Gov. Charlie Crist is scheduled to decide whether or not to support the project by Sept. 11. The U.S. Maritime Administration is scheduled to make a decision on the port’s permit application by Oct. 26.
The port would be built 28 miles off Anna Maria in the Gulf of Mexico. Ships would dock at submersible buoys, converting liquid natural gas to gas and transporting it to Port Manatee through a new 42-mile-long pipeline.
Supporters of Port Dolphin include Port Manatee and other maritime firms and energy firms that cite benefits, including a positive economic impact and meeting a rising demand for a clean, alternative energy source.
Critics, including environmental protection group ManaSota-88, express concern about the project’s potential environmental impacts on navigation, fisheries, marine mammals, wetlands and beach renourishment sand resources.
Longboat Key digs in
The report, issued last month, lists expected impacts that the pipeline would have on underwater sand reserves used for beach renourishment on Anna Maria Island and Longboat Key.
In the most significant mistake, a "mathematical unit conversion error," according to the correction notice, nine times more clean, white sand was identified as being available off Anna Maria Island for beach renourishment than actually exists.
It’s one of the errors that Longboat Key officials already had pointed out, Town Manager Bruce St. Denis said.

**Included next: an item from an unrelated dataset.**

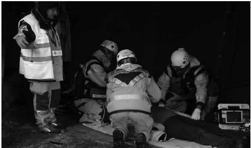
Logaška ekipa nujne medicinske pomoči je reševala tudi gozdarja, ki ga je pičil gad, poleg tega pa je imel akutno vnetje slepiča.

Takoj po petkovem uvodnem sestanku smo iz obveščevalnega centra dobili klic, da je gobarja pičila čebela in da težko diha. Z reševalnim vozilom smo s pomočjo podrobnejšega zemljevida Rogle našli močno prizadetega moškega. Anafilaktična reakcija četrte stopnje ga je tako zdelala, da smo ga po več zapletih komaj rešili. Takoj zatem nas je klicala ženska, ki je v jarku opazila poškodovano vozilo, v katerem naj bi bila ena oseba pri zavesti. Poklicali smo gasilce, ki so ukleščene moškega izrezali, v tem času pa smo izvedli začetno oceno stanja in hitri trauma pregled. Kraj je zavarovala policija. Poškodovanca smo z metodo hitre ekstrikacije odstranili iz avta, ga spet pregledali in oskrbeli ter prepeljali v bolnišnico na oskrbo zlomljene goleni in ostalih poškodb. Na poti nas je ustavil gozdar, ki se je zelo slabo počutil. Ugotovili smo, da ga je pičil gad, imel pa

The erroneous report indicates that so much beach-compatible sand exists off Anna Maria that Port Dolphin’s proposed pipeline, which would make surrounding sand unusable, would not have a major impact on renourishment projects, he said, adding that the facts lead to another conclusion.
“There’s not that much sand out there, so it’s an even bigger problem that they want to lay a pipeline,” he said.
The town commission was scheduled to meet in a closed session with the town attorney last week to discuss litigation strategies, including the possibility of appealing if Port Dolphin’s permit is approved.
Department support
In a comment filed on Friday, the U.S. Department of the Interior Minerals Management Service (MMS) recommended that permitting authorities ensure that Port Dolphin’s impact on sand resources “be addressed to the satisfaction of” Longboat Key and the Florida Department of Environmental Protection before submitting a right-of-way application for the pipeline to MMS.
Longboat officials’ concern about the pipeline’s impact on sand resources 11 to 13 miles off Anna Maria in an area known as F-2 is supported by Coastal Planning and Engineering (CPE), the beach consultant for the town and Manatee County, wrote Jarvis Abbot, petroleum engineer for MMS.
Area F-2 could supply sand for Longboat Key’s future beach renourishments, while the town’s current sand source only has enough sand left for one renourishment project, he wrote, stressing the importance of preserving area F-2.
Port Dolphin’s preferred pipeline route should be altered to bypass area F-2, or dropped entirely for another route, he concluded.
Port Dolphin did not respond to a request seeking comment.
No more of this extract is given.